◆ **REQUIRED ACTION**: All entries must come back exactly as given, with no pictures in the copy.

◆ **RECORDS FOR PROCESSING**:
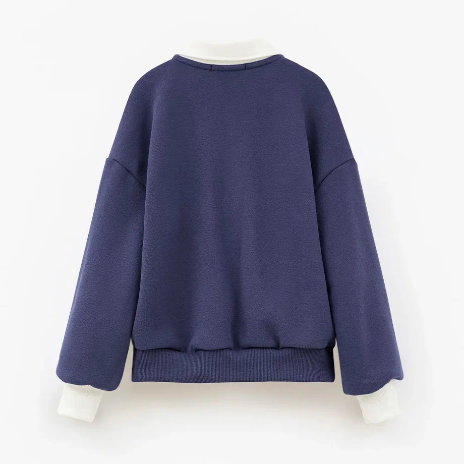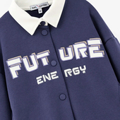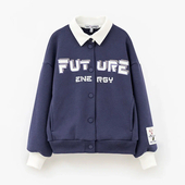Тёмно-синий жакет с контрастными манжетами и воротником — про характер, стиль и уверенность. Удобный крой, плотный футер и выразительная надпись делают модель универсальной: подойдёт и для повседневных образов, и для более собранных выходов.
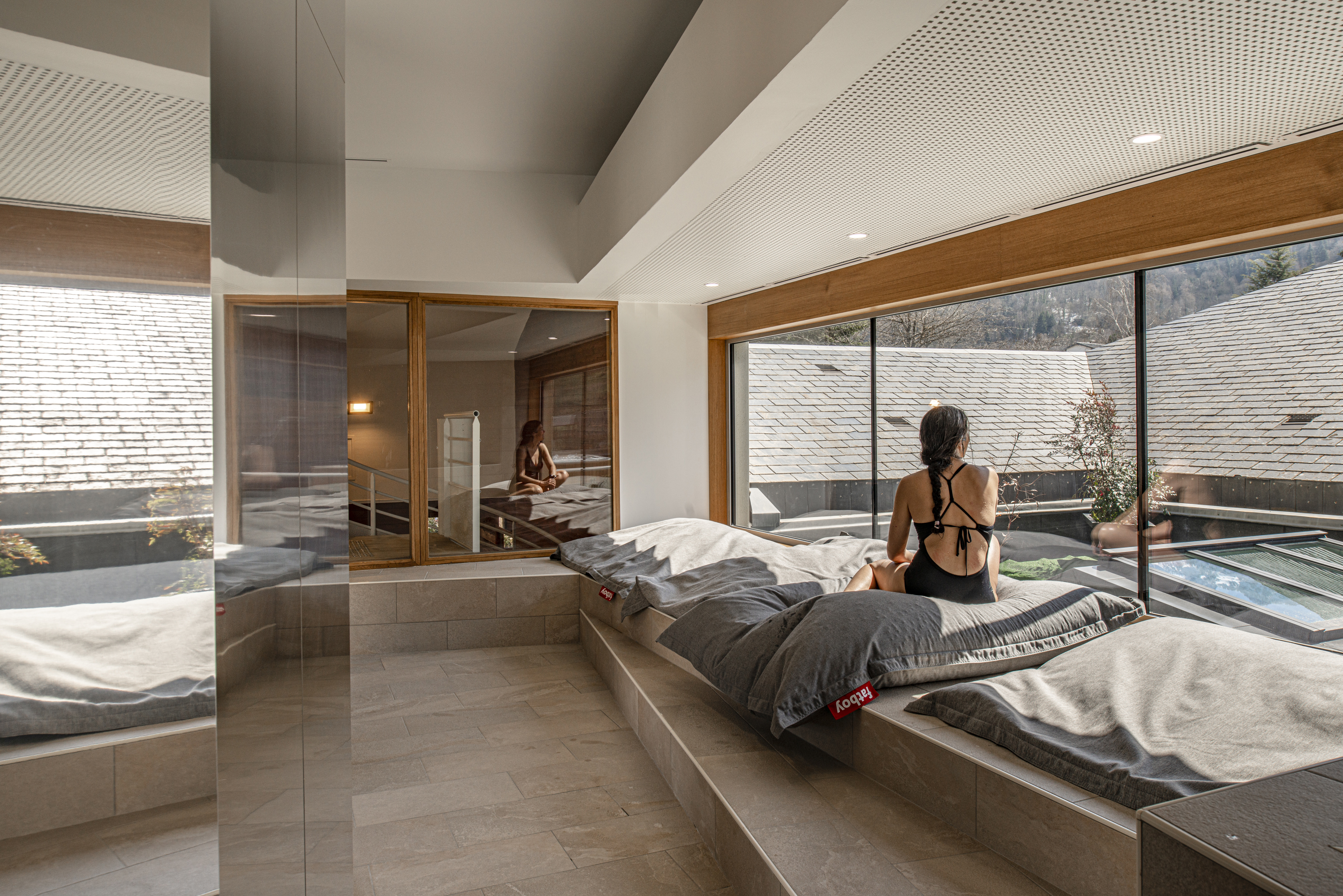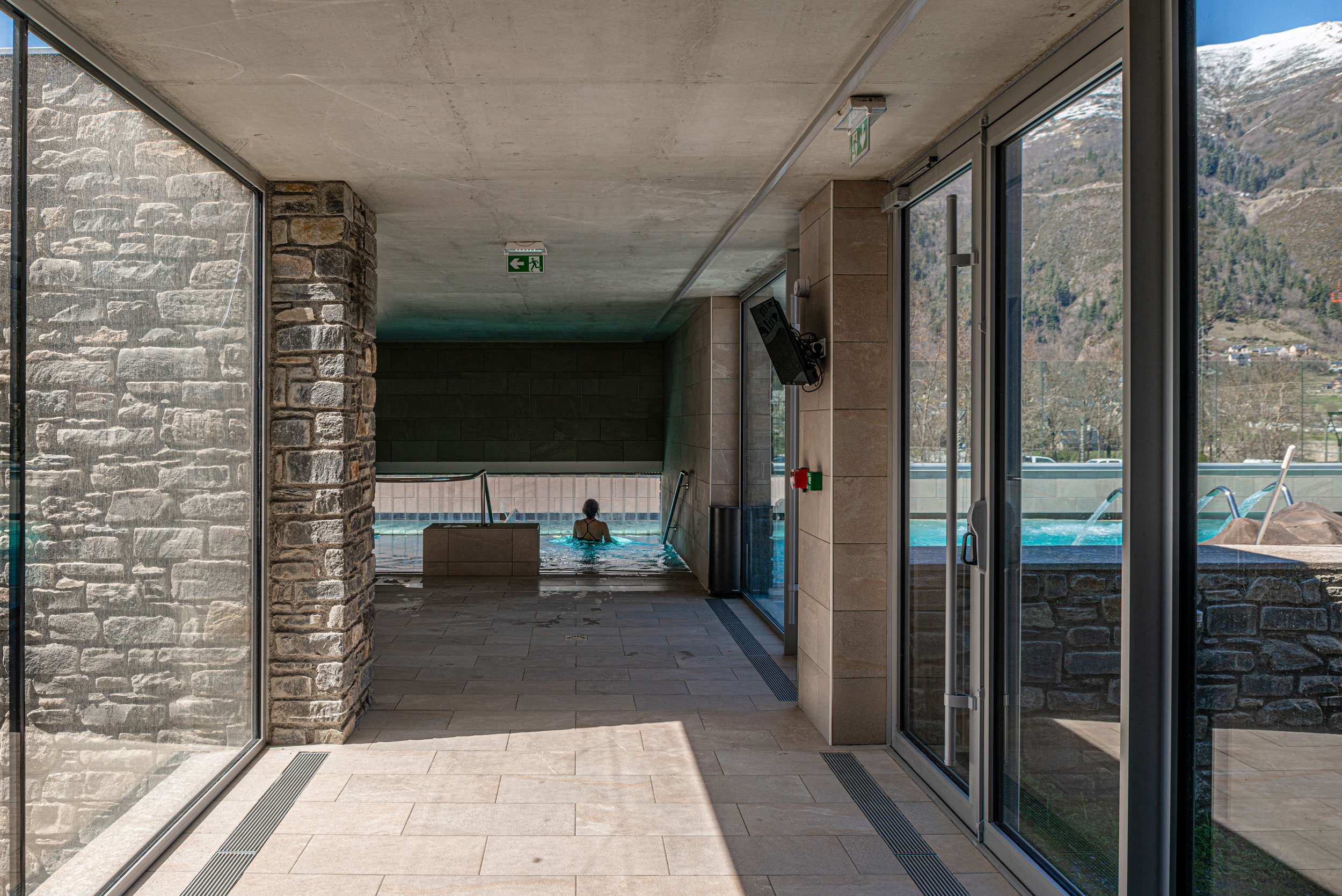 Le centre thermoludique « Le RIO » de Saint Lary Soulan s’inscrit dans un ensemble architectural composé d’un hôtel, des thermes et du RIO : Le complexe SENSORIA. Le programme porte sur la modernisation et l’extension du RIO dans le but d’offrir à la clientèle une nouvelle offre. Le projet propose un nouveau service d’accueil, une nouvelle offre de spa, et des bassins extérieurs. Le spa est aménagé à l’étage autour de la salle de chromothérapie. Cet espace est composé d’un hammam constitué de trois pièces successives à températures croissantes (38°à 48°), d’une douche en eau froide et une douche en eau chaude, un coin tisanerie, la salle de repos basée sur la chromothérapie et une terrasse extérieure avec un jacuzzi de 6-8 places. Les bassins extérieurs sont positionnés face aux montagnes et tente de faire disparaitre le parking du premier plan par des jeux de cadrage des vues.
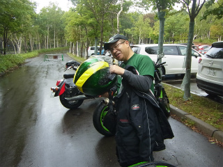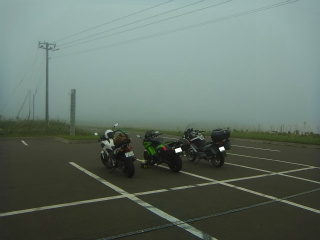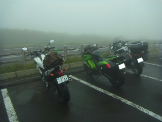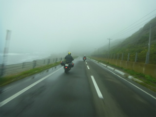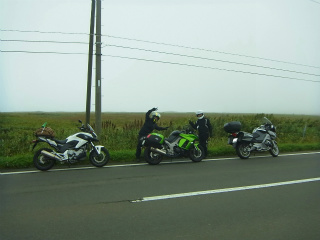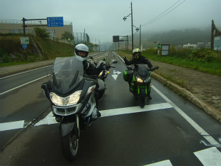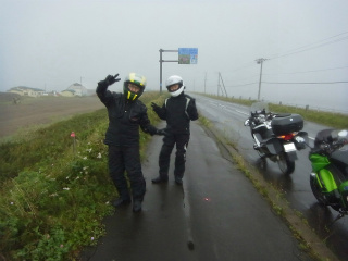*バイクで北海道は天気が悪くても最高!! *レイングッズのハードテストができた。 *さすがTちゃん、ヒヤヒヤが全くなし!!
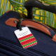 Gewohnheit, rotes u. grünes gestreiftes Muster u. Gepäckanhänger
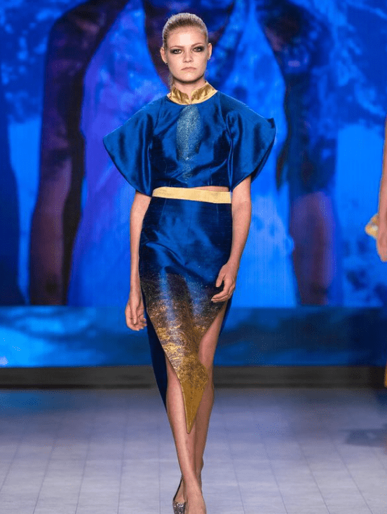 No one knows this because it’s crazy, but this is my process of fashion. I remember entering the library. I looked at the computer, and a screensaver turns on of a fish tank, and I thought water, life and my mind just went like water, life, organic fibres, harming the world, animals are beautiful, etc. I always feel drawn to marine life and colour, and then my brain was filled with crazy ideas. I grabbed my iPad and started sketching. I finished all my sketches in four hours and did that collection, and showed Nargas, and she said its perfect. Sometimes feel like these moments are meant to be, and you just enter a zone where your mind just goes, you don’t know what’s happening, but you do. Long story short, I had to get fabric samples, which I didn’t have because I just designed the thing that day; I ran like crazy to Dress Sew, did everything, and I was the last person to turn everything in, and everyone else was so organized. But I knew this was it, and it was my vision I wanted to present.
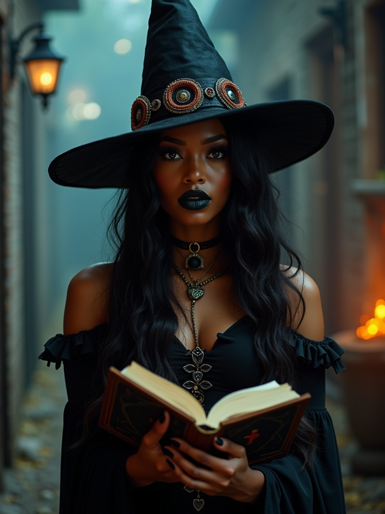 cosplayer model in a Halloween-themed cosplay, haunted house backdrop, wearing a gothic witch outfit with a spellbook , spooky lighting and props
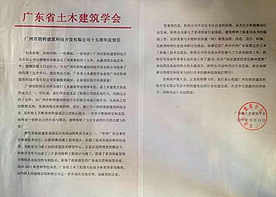 2013年12月13日是廣州市勝特建筑科技開發(fā)有限公司“感恩十五載創(chuàng)譽(yù)贏未來”十五周年慶典活動的大日子,來自省、市、區(qū)領(lǐng)導(dǎo)代表及建筑界的精英、行業(yè)前輩、專家、學(xué)者紛紛前來恭賀,其中廣東省土木建筑學(xué)會名譽(yù)理事長(原廣東省建設(shè)廳廳長)陳之泉先生、副理事長(原廣州市政協(xié)副主席)黎寶松教授級高工、副理事長兼秘書長王離教授級高工攜廣東省土木建筑學(xué)會同仁給勝特公司送來十五周年慶賀信。
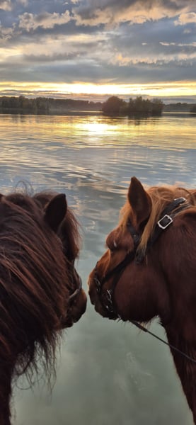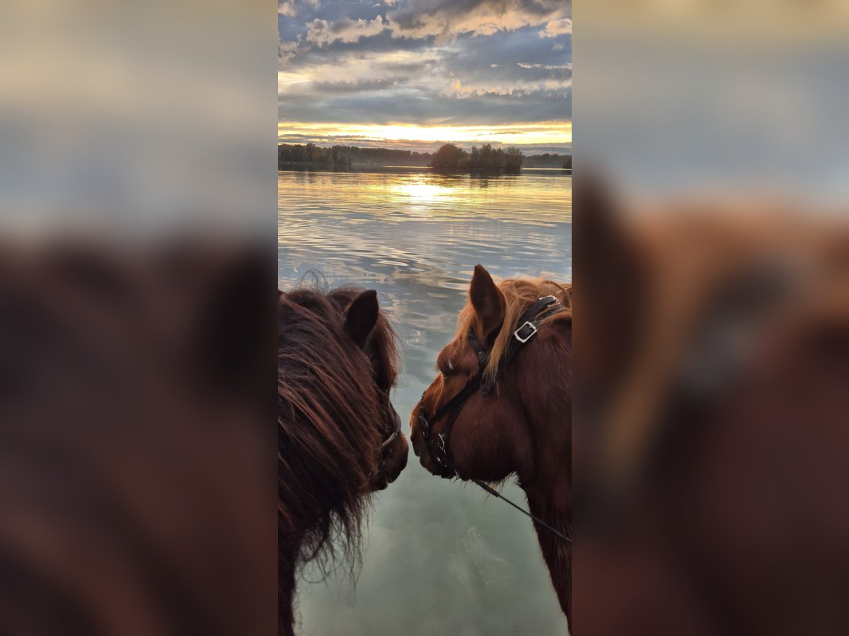 Suchen ab sofort eine versierte Islandpferdereiterin für unsere 5 Isis Die Pferde stehen in einer kleinen Herde im Offenstall am Ortsrand, an den sich ein herrliches Ausreitgelände anschließt. Du solltest ausreichend Erfahrung mit Gangpferden haben, für Anfänger sind unsere Pferde nicht geeignet. Dann solltest du mindestens 2 ( besser wären sogar 3 ) Tage die Woche, also auch am Wochenende, Zeit haben uns zu unterstützen die Pferde auf die umliegenden Koppeln zu stellen. An Sonn-und Feiertagen muss im Wechsel, ca. 1x pro Monat, das Paddock gemistet werden. Und auch die Koppeln müssen regelmäßig abgeäppelt werden. Da wir jetzt schon zu viert sind hält sich aber auch das in Grenzen. Evtl etwas mehr Arbeit, wenn 2 von uns in Urlaub sind. Ansonsten stehen die Pferde in Vollpension. Wir reiten gerne in der Gruppe aus. Leider haben wir keinen Platz zum Reiten am Hof, aber unsere Pferde sind das gewohnt und haben richtig Spaß daran
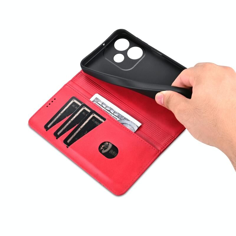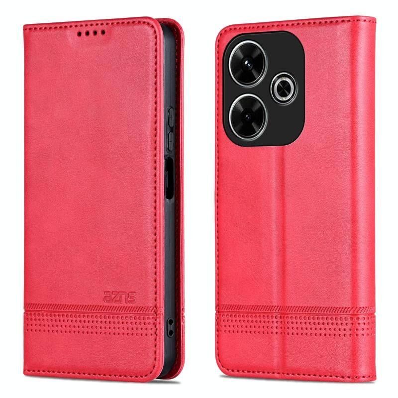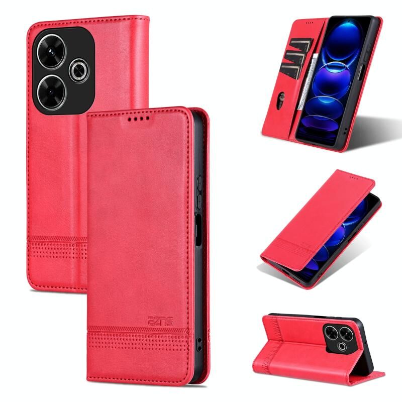 Για Xiaomi Redmi 13 4G Global AZNS Μαγνητικό μοσχάρι υφή Flip υπόθεση τηλεφώνου δέρμα (κόκκινο) (AZNS)
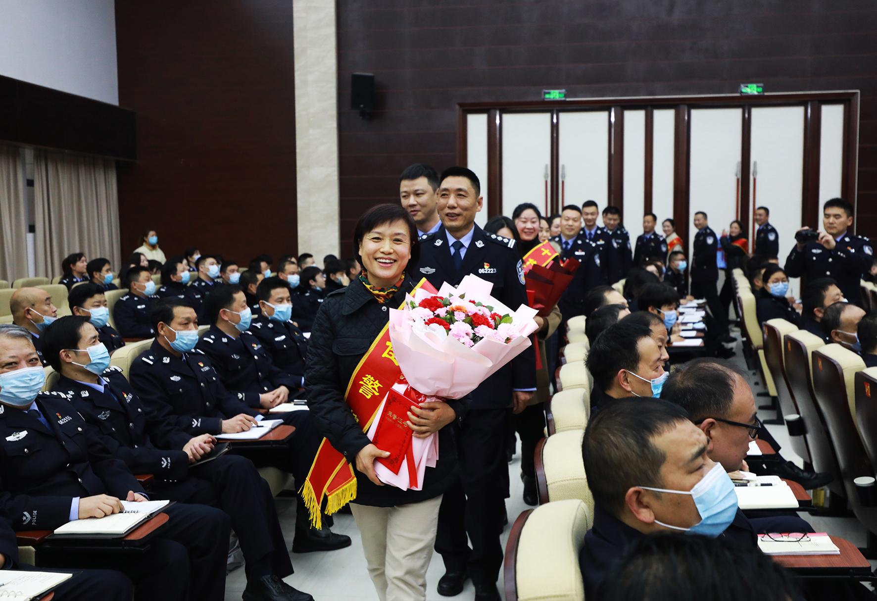 2月8日,在湖北省秭歸縣公安局表彰優(yōu)秀警嫂的現(xiàn)場,10名民警突然上演了一場”早有預(yù)謀”的浪漫演出,為當(dāng)選優(yōu)秀警嫂的妻子送上充滿愛意與感激的鮮花,一起并肩走上領(lǐng)獎(jiǎng)臺。
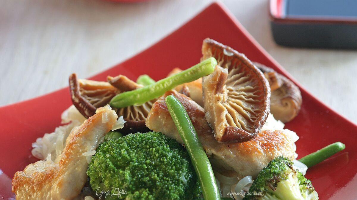 - Шаг 6В той же сковороде обжарить чеснок, брокколи, грибы и лук.

◆ **TASK RESULT**:
Тёмно-синий жакет с контрастными манжетами и воротником — про характер, стиль и уверенность. Удобный крой, плотный футер и выразительная надпись делают модель универсальной: подойдёт и для повседневных образов, и для более собранных выходов.
 Le centre thermoludique « Le RIO » de Saint Lary Soulan s’inscrit dans un ensemble architectural composé d’un hôtel, des thermes et du RIO : Le complexe SENSORIA. Le programme porte sur la modernisation et l’extension du RIO dans le but d’offrir à la clientèle une nouvelle offre. Le projet propose un nouveau service d’accueil, une nouvelle offre de spa, et des bassins extérieurs. Le spa est aménagé à l’étage autour de la salle de chromothérapie. Cet espace est composé d’un hammam constitué de trois pièces successives à températures croissantes (38°à 48°), d’une douche en eau froide et une douche en eau chaude, un coin tisanerie, la salle de repos basée sur la chromothérapie et une terrasse extérieure avec un jacuzzi de 6-8 places. Les bassins extérieurs sont positionnés face aux montagnes et tente de faire disparaitre le parking du premier plan par des jeux de cadrage des vues.
*バイクで北海道は天気が悪くても最高!! *レイングッズのハードテストができた。 *さすがTちゃん、ヒヤヒヤが全くなし!!
 Gewohnheit, rotes u. grünes gestreiftes Muster u. Gepäckanhänger
 No one knows this because it’s crazy, but this is my process of fashion. I remember entering the library. I looked at the computer, and a screensaver turns on of a fish tank, and I thought water, life and my mind just went like water, life, organic fibres, harming the world, animals are beautiful, etc. I always feel drawn to marine life and colour, and then my brain was filled with crazy ideas. I grabbed my iPad and started sketching. I finished all my sketches in four hours and did that collection, and showed Nargas, and she said its perfect. Sometimes feel like these moments are meant to be, and you just enter a zone where your mind just goes, you don’t know what’s happening, but you do. Long story short, I had to get fabric samples, which I didn’t have because I just designed the thing that day; I ran like crazy to Dress Sew, did everything, and I was the last person to turn everything in, and everyone else was so organized. But I knew this was it, and it was my vision I wanted to present.
 cosplayer model in a Halloween-themed cosplay, haunted house backdrop, wearing a gothic witch outfit with a spellbook , spooky lighting and props
 2013年12月13日是廣州市勝特建筑科技開發(fā)有限公司“感恩十五載創(chuàng)譽(yù)贏未來”十五周年慶典活動的大日子,來自省、市、區(qū)領(lǐng)導(dǎo)代表及建筑界的精英、行業(yè)前輩、專家、學(xué)者紛紛前來恭賀,其中廣東省土木建筑學(xué)會名譽(yù)理事長(原廣東省建設(shè)廳廳長)陳之泉先生、副理事長(原廣州市政協(xié)副主席)黎寶松教授級高工、副理事長兼秘書長王離教授級高工攜廣東省土木建筑學(xué)會同仁給勝特公司送來十五周年慶賀信。
 Suchen ab sofort eine versierte Islandpferdereiterin für unsere 5 Isis Die Pferde stehen in einer kleinen Herde im Offenstall am Ortsrand, an den sich ein herrliches Ausreitgelände anschließt. Du solltest ausreichend Erfahrung mit Gangpferden haben, für Anfänger sind unsere Pferde nicht geeignet. Dann solltest du mindestens 2 ( besser wären sogar 3 ) Tage die Woche, also auch am Wochenende, Zeit haben uns zu unterstützen die Pferde auf die umliegenden Koppeln zu stellen. An Sonn-und Feiertagen muss im Wechsel, ca. 1x pro Monat, das Paddock gemistet werden. Und auch die Koppeln müssen regelmäßig abgeäppelt werden. Da wir jetzt schon zu viert sind hält sich aber auch das in Grenzen. Evtl etwas mehr Arbeit, wenn 2 von uns in Urlaub sind. Ansonsten stehen die Pferde in Vollpension. Wir reiten gerne in der Gruppe aus. Leider haben wir keinen Platz zum Reiten am Hof, aber unsere Pferde sind das gewohnt und haben richtig Spaß daran
 Για Xiaomi Redmi 13 4G Global AZNS Μαγνητικό μοσχάρι υφή Flip υπόθεση τηλεφώνου δέρμα (κόκκινο) (AZNS)
 2月8日,在湖北省秭歸縣公安局表彰優(yōu)秀警嫂的現(xiàn)場,10名民警突然上演了一場”早有預(yù)謀”的浪漫演出,為當(dāng)選優(yōu)秀警嫂的妻子送上充滿愛意與感激的鮮花,一起并肩走上領(lǐng)獎(jiǎng)臺。
 - Шаг 6В той же сковороде обжарить чеснок, брокколи, грибы и лук.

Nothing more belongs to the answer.